§ **Aim of the task**: Output only the lines of the entries that follow, starting at the one with "3、突破回踩有效。突破后,股" and running down to the one with "Presidente del Patronato", both included and unchanged.

§ **Extracted information**:
★ ★ ★ ★ ★ ★ ★

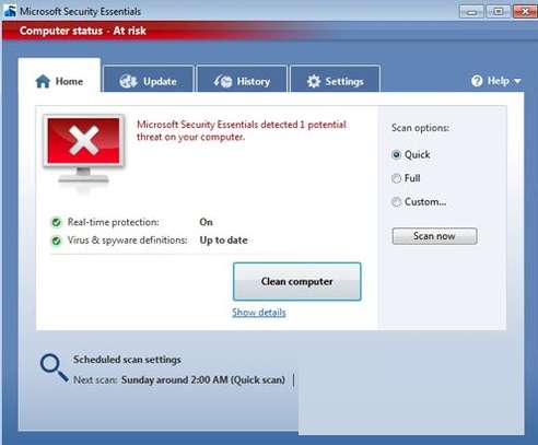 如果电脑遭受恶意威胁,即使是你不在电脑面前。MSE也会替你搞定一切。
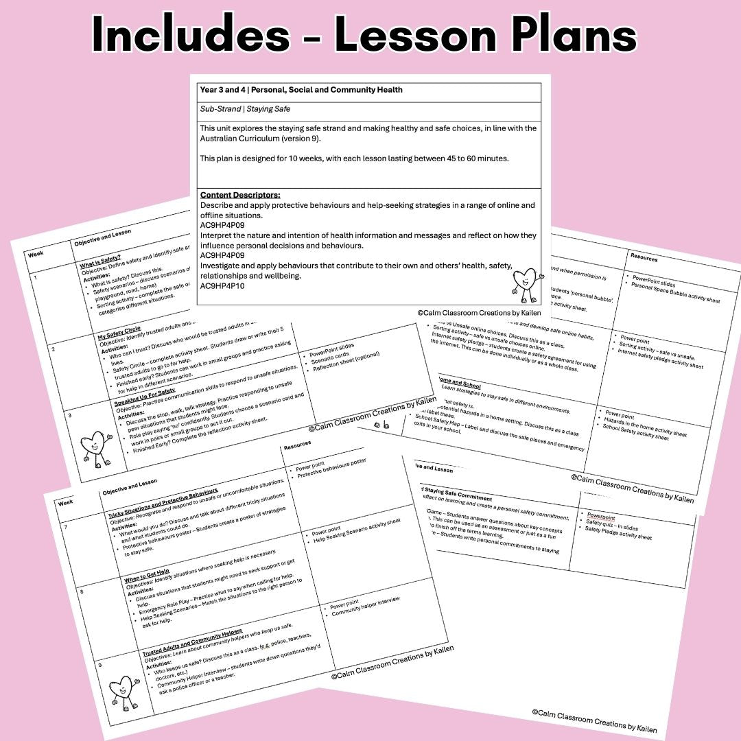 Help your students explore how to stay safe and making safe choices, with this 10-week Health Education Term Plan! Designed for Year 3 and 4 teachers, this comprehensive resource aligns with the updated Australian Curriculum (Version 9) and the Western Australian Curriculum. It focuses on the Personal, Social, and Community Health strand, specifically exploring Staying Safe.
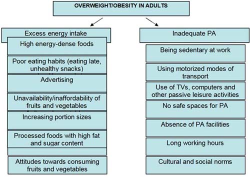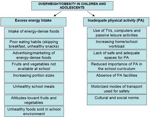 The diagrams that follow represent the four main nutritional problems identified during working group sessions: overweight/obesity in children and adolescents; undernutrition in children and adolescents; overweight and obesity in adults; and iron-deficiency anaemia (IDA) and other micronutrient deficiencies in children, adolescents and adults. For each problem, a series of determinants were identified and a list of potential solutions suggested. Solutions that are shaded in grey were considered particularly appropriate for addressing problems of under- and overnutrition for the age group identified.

★ ★ ★ ★ ★ ★ ★

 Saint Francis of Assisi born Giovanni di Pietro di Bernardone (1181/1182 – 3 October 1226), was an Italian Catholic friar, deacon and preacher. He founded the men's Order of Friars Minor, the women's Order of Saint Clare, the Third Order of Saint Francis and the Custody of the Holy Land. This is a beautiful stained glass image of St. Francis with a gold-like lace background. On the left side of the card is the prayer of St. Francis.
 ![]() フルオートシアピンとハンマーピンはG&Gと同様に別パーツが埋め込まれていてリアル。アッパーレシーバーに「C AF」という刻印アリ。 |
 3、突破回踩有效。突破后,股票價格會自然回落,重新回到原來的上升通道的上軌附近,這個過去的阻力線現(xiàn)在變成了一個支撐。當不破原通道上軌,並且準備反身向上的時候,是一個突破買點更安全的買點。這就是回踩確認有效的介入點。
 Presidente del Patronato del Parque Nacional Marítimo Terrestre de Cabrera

★ ★ ★ ★ ★ ★ ★

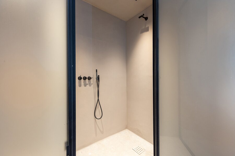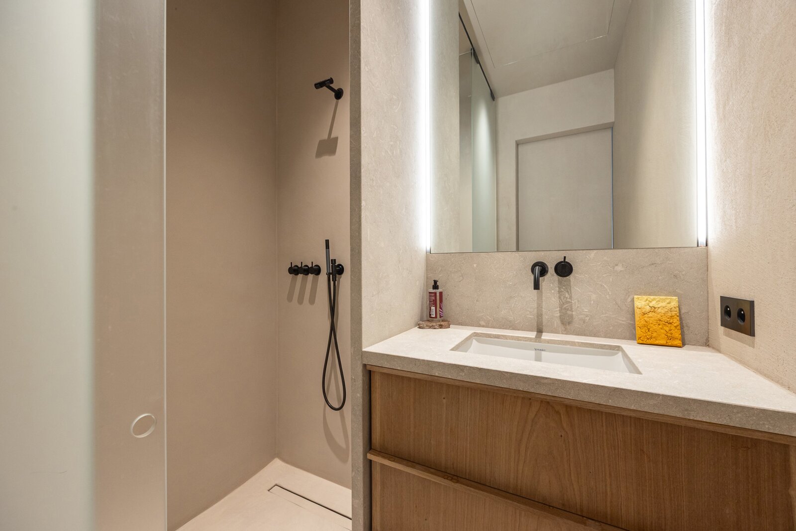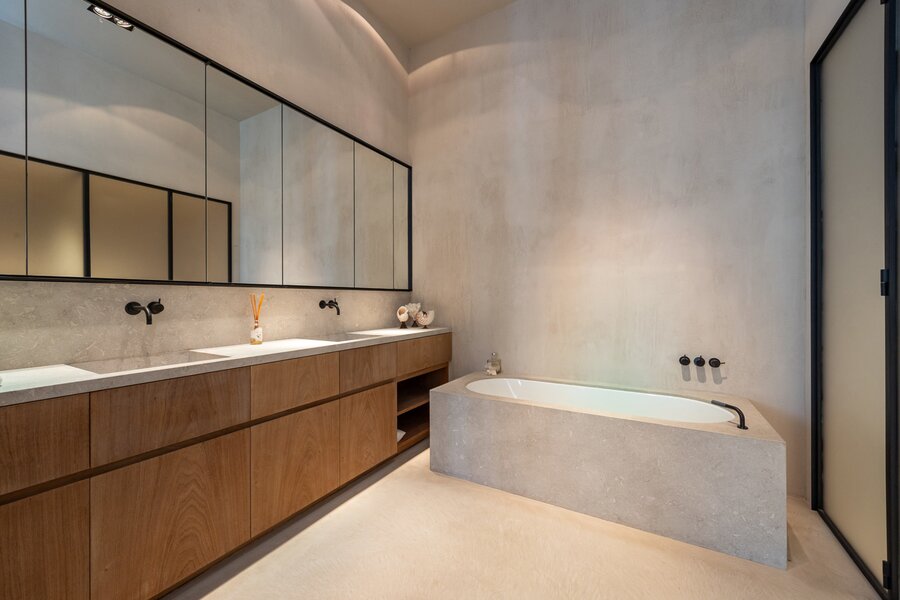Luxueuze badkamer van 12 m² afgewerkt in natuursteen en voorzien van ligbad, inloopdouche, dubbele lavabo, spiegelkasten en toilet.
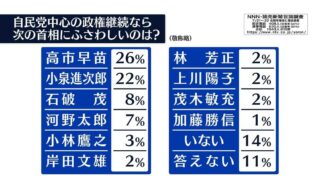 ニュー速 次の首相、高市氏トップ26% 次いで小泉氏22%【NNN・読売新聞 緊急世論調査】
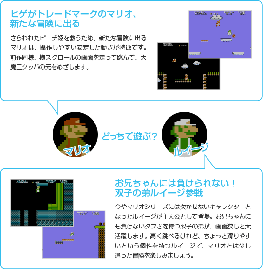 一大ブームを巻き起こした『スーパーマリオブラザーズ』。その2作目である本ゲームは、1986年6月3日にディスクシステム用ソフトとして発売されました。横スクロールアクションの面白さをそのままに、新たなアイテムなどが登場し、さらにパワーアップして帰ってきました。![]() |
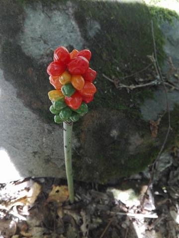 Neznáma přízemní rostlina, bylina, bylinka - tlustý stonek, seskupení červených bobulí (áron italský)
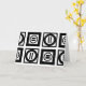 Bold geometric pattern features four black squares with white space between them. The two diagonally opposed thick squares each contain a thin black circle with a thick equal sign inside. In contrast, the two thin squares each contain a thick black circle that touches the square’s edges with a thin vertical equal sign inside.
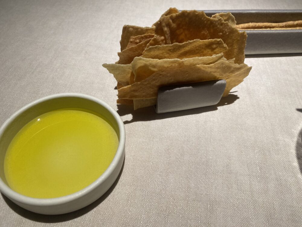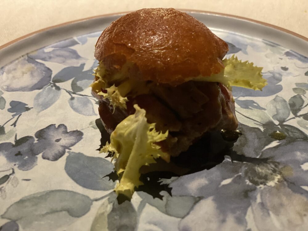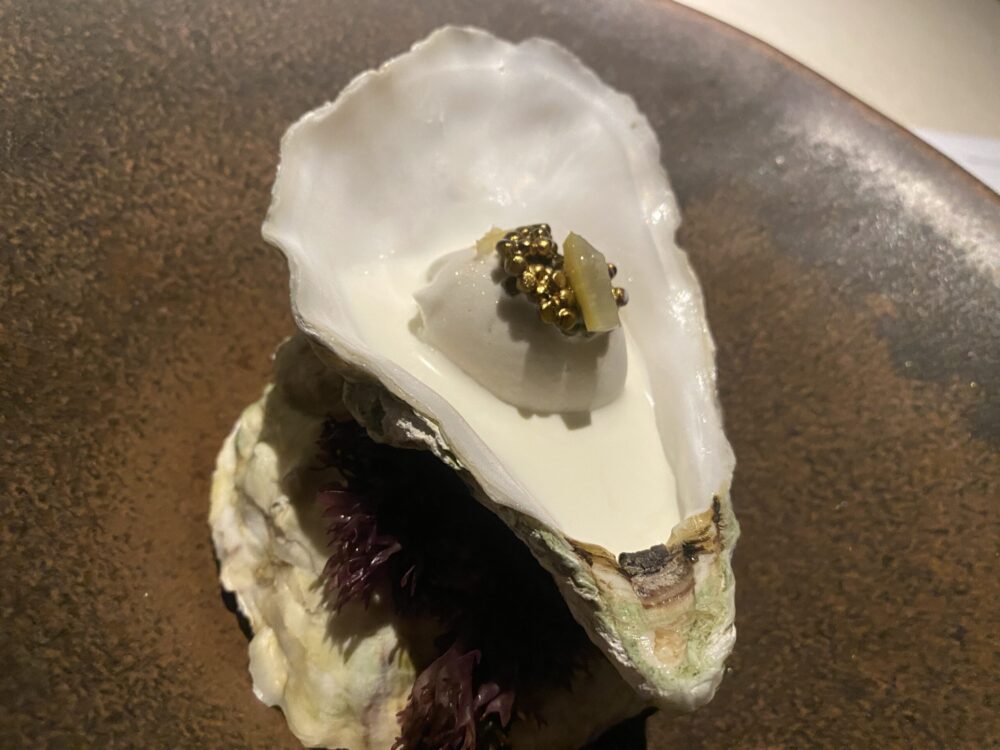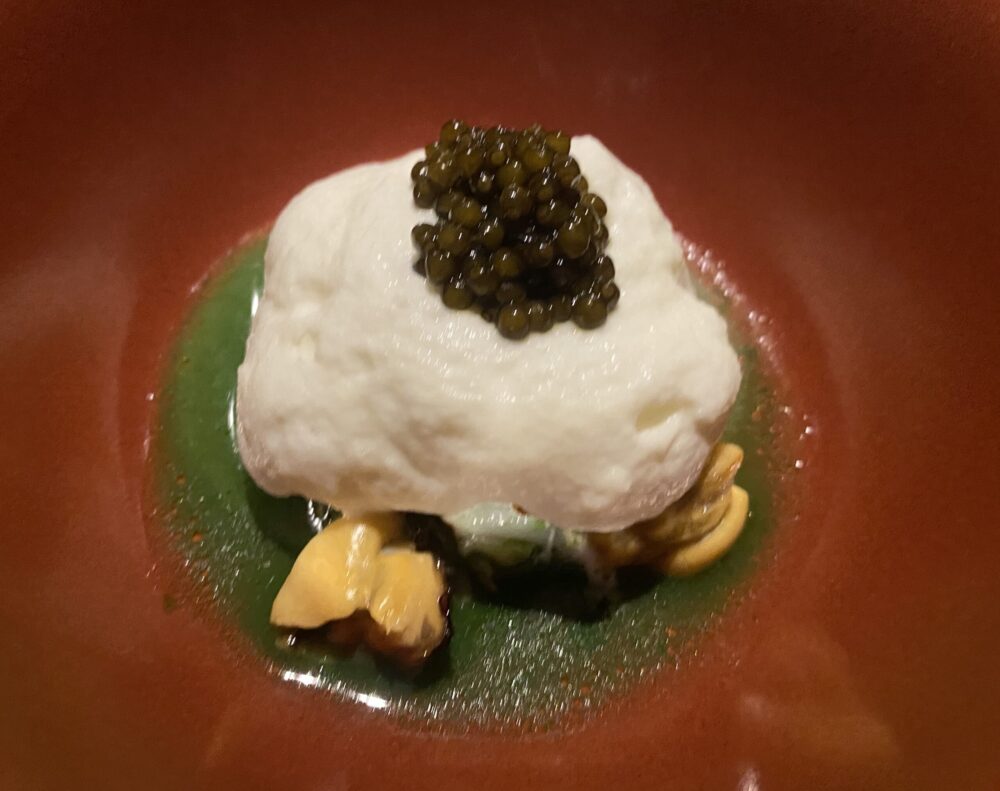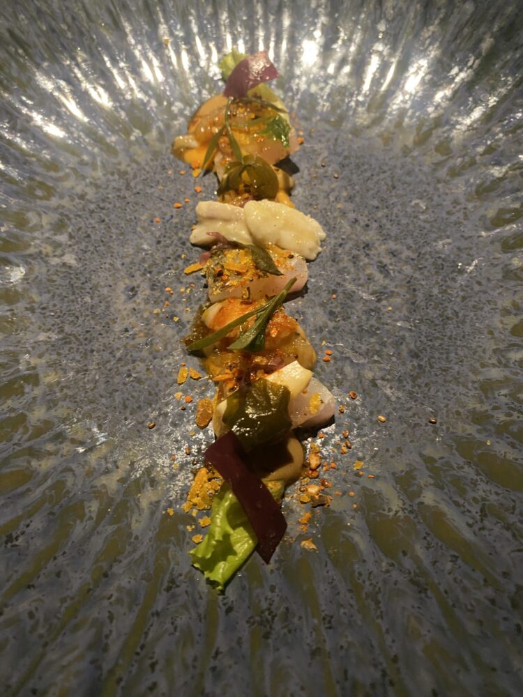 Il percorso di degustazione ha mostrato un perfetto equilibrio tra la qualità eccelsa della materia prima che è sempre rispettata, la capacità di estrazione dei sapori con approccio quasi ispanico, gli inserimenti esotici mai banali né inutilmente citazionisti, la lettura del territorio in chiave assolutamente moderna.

★ ★ ★ ★ ★ ★ ★

§ **Solution for this task**:
 3、突破回踩有效。突破后,股票價格會自然回落,重新回到原來的上升通道的上軌附近,這個過去的阻力線現(xiàn)在變成了一個支撐。當不破原通道上軌,並且準備反身向上的時候,是一個突破買點更安全的買點。這就是回踩確認有效的介入點。
 Presidente del Patronato del Parque Nacional Marítimo Terrestre de Cabrera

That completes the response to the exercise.